THE TASK
In the entries below, which lines run from the one containing "Het hoofdstuk over" to the one containing "Cortina confeccionada con"? Copy exactly those lines, ends included, and no others.

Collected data
━━━━━━━━━━━━━━━━━━━━

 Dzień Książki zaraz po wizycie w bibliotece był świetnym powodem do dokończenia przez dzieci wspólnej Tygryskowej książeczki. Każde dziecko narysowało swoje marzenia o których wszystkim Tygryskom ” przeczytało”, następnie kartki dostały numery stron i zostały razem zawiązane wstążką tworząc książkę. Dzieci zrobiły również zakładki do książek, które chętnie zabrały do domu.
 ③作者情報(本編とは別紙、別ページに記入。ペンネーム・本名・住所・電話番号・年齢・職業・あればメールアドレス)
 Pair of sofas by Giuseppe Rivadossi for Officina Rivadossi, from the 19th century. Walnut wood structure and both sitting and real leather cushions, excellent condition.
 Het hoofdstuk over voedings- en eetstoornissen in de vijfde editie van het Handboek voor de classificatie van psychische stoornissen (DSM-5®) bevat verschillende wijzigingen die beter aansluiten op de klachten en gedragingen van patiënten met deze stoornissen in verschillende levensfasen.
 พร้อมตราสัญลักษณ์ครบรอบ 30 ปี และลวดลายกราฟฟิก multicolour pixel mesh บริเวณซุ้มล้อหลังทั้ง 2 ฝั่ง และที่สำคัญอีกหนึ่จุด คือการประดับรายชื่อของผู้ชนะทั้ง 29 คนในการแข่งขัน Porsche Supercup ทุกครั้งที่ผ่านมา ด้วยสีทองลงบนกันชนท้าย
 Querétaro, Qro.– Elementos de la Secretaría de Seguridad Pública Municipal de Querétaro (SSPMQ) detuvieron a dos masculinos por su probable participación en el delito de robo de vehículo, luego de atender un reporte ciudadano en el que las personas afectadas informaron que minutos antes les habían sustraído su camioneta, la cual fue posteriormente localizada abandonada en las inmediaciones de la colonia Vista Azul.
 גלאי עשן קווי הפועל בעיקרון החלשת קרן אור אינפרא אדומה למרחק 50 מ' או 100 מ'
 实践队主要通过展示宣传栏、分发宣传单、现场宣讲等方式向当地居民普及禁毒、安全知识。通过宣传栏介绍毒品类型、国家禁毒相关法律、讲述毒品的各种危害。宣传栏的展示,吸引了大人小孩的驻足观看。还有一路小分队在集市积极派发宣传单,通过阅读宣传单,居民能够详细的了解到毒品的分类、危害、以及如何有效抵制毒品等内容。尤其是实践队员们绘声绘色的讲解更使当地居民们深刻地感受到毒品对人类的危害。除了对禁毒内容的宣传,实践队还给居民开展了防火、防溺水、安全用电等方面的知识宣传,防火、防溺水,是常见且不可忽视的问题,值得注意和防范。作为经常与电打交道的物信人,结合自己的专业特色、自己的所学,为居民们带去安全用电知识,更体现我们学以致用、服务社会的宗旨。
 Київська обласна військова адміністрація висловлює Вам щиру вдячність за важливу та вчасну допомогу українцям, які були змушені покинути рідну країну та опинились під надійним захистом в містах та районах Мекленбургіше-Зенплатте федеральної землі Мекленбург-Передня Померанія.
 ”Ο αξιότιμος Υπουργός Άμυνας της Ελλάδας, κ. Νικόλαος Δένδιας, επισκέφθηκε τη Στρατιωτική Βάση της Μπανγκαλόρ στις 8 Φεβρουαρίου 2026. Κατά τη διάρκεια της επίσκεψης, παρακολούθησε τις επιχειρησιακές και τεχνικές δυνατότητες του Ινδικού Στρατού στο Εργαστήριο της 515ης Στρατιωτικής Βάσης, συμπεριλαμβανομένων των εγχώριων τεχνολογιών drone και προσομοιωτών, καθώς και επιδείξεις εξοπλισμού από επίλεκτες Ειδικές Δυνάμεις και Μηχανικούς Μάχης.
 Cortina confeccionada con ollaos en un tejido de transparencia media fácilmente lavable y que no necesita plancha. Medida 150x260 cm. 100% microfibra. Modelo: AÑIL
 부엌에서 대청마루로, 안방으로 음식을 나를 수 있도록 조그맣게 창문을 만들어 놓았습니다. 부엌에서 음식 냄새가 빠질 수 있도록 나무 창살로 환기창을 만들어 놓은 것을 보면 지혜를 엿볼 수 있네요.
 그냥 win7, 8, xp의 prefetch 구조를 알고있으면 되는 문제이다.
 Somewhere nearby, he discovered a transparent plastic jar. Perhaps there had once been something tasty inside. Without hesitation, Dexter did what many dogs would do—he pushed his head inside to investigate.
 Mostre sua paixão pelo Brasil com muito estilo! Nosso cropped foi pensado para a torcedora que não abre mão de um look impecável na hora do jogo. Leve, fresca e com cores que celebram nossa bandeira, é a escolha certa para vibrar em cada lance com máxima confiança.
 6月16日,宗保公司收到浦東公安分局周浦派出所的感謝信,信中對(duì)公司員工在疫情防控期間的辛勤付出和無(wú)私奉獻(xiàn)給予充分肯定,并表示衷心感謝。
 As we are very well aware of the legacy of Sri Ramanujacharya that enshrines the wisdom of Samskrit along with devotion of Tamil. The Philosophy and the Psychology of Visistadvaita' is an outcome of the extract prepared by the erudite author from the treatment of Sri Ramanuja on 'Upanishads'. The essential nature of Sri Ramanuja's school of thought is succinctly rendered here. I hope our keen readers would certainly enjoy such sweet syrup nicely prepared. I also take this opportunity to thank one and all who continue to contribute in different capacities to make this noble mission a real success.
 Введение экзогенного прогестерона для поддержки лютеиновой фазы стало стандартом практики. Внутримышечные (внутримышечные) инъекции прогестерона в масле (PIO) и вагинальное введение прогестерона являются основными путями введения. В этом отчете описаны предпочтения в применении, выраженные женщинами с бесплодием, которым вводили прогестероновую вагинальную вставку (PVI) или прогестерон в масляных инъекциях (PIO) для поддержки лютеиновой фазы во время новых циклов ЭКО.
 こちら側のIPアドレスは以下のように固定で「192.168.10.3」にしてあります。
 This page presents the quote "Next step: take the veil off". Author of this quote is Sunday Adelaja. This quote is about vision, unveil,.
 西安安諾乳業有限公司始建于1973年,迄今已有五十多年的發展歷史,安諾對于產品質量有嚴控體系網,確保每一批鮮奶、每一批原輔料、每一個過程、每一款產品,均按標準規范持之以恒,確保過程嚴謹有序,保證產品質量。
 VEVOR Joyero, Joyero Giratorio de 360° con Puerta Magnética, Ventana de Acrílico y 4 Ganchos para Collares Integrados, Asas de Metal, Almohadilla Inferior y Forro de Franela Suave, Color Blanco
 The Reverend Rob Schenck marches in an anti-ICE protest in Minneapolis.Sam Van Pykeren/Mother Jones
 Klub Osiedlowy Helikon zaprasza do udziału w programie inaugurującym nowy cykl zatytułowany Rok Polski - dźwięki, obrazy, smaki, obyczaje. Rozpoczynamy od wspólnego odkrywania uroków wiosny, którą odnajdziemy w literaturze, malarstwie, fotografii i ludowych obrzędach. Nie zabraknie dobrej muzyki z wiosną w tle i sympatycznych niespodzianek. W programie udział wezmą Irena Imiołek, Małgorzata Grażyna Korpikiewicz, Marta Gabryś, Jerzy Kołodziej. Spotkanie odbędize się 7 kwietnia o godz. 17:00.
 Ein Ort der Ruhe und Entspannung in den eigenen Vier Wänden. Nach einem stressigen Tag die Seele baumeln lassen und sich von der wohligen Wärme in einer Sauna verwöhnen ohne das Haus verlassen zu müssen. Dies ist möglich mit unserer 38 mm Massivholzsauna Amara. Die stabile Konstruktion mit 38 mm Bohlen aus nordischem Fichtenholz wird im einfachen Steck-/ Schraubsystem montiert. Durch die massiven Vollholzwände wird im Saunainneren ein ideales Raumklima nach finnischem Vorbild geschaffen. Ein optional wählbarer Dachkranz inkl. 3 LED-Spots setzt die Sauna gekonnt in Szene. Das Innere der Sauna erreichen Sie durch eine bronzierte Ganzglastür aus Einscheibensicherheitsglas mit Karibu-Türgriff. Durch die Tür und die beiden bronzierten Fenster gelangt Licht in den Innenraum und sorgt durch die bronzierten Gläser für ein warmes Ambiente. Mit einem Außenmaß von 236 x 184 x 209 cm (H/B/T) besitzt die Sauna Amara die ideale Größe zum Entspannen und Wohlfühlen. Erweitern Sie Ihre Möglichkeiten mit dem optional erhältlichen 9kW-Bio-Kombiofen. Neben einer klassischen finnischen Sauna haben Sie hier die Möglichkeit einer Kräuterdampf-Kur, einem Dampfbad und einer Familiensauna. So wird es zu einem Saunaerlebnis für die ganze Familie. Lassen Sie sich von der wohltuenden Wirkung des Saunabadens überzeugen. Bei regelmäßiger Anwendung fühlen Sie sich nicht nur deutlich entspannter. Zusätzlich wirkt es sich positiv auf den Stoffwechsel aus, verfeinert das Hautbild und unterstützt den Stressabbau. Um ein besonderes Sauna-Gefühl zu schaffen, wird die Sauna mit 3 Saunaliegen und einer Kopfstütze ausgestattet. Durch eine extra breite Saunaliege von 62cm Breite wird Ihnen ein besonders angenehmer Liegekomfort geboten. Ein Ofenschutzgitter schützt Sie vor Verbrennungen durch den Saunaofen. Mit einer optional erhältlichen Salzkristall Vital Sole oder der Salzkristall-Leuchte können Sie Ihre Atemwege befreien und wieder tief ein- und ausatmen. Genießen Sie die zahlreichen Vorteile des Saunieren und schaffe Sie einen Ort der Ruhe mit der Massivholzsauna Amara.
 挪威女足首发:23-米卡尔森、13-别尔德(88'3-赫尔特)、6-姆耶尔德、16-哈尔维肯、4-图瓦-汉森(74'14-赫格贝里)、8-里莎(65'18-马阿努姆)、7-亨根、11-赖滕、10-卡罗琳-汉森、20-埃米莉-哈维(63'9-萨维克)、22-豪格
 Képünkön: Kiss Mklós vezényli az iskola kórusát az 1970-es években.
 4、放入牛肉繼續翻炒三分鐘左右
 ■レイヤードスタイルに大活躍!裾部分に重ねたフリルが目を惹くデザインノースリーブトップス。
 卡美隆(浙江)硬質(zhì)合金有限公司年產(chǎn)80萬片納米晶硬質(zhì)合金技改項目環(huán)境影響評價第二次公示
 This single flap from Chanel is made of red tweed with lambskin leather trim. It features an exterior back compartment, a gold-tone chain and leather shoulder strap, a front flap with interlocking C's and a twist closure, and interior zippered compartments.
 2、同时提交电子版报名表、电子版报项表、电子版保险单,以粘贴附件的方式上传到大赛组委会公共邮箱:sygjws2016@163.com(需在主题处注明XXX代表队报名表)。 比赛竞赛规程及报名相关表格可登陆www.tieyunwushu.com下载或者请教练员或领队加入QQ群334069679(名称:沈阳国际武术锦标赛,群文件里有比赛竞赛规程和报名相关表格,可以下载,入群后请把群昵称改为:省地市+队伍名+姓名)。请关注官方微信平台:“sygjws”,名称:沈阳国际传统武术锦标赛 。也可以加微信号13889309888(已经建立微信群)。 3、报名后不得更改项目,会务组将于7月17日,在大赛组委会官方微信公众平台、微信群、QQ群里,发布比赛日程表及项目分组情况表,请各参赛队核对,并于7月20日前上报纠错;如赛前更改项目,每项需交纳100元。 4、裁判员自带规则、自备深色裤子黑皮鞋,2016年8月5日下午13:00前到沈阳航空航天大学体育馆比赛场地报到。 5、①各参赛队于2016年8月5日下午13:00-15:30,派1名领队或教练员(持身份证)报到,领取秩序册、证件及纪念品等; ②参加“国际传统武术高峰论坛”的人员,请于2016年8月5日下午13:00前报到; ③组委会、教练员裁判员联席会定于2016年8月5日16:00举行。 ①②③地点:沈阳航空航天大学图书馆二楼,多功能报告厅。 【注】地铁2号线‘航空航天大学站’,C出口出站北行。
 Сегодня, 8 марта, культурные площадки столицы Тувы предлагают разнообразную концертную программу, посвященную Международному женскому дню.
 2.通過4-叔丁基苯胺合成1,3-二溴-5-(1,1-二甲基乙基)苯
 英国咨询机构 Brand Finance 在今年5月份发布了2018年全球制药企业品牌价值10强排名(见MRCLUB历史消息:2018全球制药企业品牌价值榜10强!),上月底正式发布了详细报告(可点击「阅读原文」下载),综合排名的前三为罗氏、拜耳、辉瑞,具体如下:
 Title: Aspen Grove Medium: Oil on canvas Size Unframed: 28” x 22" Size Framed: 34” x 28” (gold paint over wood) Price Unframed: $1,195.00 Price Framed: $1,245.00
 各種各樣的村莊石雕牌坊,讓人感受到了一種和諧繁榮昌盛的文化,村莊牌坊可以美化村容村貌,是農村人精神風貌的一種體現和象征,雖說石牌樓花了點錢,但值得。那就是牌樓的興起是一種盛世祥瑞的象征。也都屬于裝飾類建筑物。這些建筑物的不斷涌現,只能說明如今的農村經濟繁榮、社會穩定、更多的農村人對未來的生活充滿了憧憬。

━━━━━━━━━━━━━━━━━━━━

PROBLEM SOLUTION
 Het hoofdstuk over voedings- en eetstoornissen in de vijfde editie van het Handboek voor de classificatie van psychische stoornissen (DSM-5®) bevat verschillende wijzigingen die beter aansluiten op de klachten en gedragingen van patiënten met deze stoornissen in verschillende levensfasen.
 พร้อมตราสัญลักษณ์ครบรอบ 30 ปี และลวดลายกราฟฟิก multicolour pixel mesh บริเวณซุ้มล้อหลังทั้ง 2 ฝั่ง และที่สำคัญอีกหนึ่จุด คือการประดับรายชื่อของผู้ชนะทั้ง 29 คนในการแข่งขัน Porsche Supercup ทุกครั้งที่ผ่านมา ด้วยสีทองลงบนกันชนท้าย
 Querétaro, Qro.– Elementos de la Secretaría de Seguridad Pública Municipal de Querétaro (SSPMQ) detuvieron a dos masculinos por su probable participación en el delito de robo de vehículo, luego de atender un reporte ciudadano en el que las personas afectadas informaron que minutos antes les habían sustraído su camioneta, la cual fue posteriormente localizada abandonada en las inmediaciones de la colonia Vista Azul.
 גלאי עשן קווי הפועל בעיקרון החלשת קרן אור אינפרא אדומה למרחק 50 מ' או 100 מ'
 实践队主要通过展示宣传栏、分发宣传单、现场宣讲等方式向当地居民普及禁毒、安全知识。通过宣传栏介绍毒品类型、国家禁毒相关法律、讲述毒品的各种危害。宣传栏的展示,吸引了大人小孩的驻足观看。还有一路小分队在集市积极派发宣传单,通过阅读宣传单,居民能够详细的了解到毒品的分类、危害、以及如何有效抵制毒品等内容。尤其是实践队员们绘声绘色的讲解更使当地居民们深刻地感受到毒品对人类的危害。除了对禁毒内容的宣传,实践队还给居民开展了防火、防溺水、安全用电等方面的知识宣传,防火、防溺水,是常见且不可忽视的问题,值得注意和防范。作为经常与电打交道的物信人,结合自己的专业特色、自己的所学,为居民们带去安全用电知识,更体现我们学以致用、服务社会的宗旨。
 Київська обласна військова адміністрація висловлює Вам щиру вдячність за важливу та вчасну допомогу українцям, які були змушені покинути рідну країну та опинились під надійним захистом в містах та районах Мекленбургіше-Зенплатте федеральної землі Мекленбург-Передня Померанія.
 ”Ο αξιότιμος Υπουργός Άμυνας της Ελλάδας, κ. Νικόλαος Δένδιας, επισκέφθηκε τη Στρατιωτική Βάση της Μπανγκαλόρ στις 8 Φεβρουαρίου 2026. Κατά τη διάρκεια της επίσκεψης, παρακολούθησε τις επιχειρησιακές και τεχνικές δυνατότητες του Ινδικού Στρατού στο Εργαστήριο της 515ης Στρατιωτικής Βάσης, συμπεριλαμβανομένων των εγχώριων τεχνολογιών drone και προσομοιωτών, καθώς και επιδείξεις εξοπλισμού από επίλεκτες Ειδικές Δυνάμεις και Μηχανικούς Μάχης.
 Cortina confeccionada con ollaos en un tejido de transparencia media fácilmente lavable y que no necesita plancha. Medida 150x260 cm. 100% microfibra. Modelo: AÑIL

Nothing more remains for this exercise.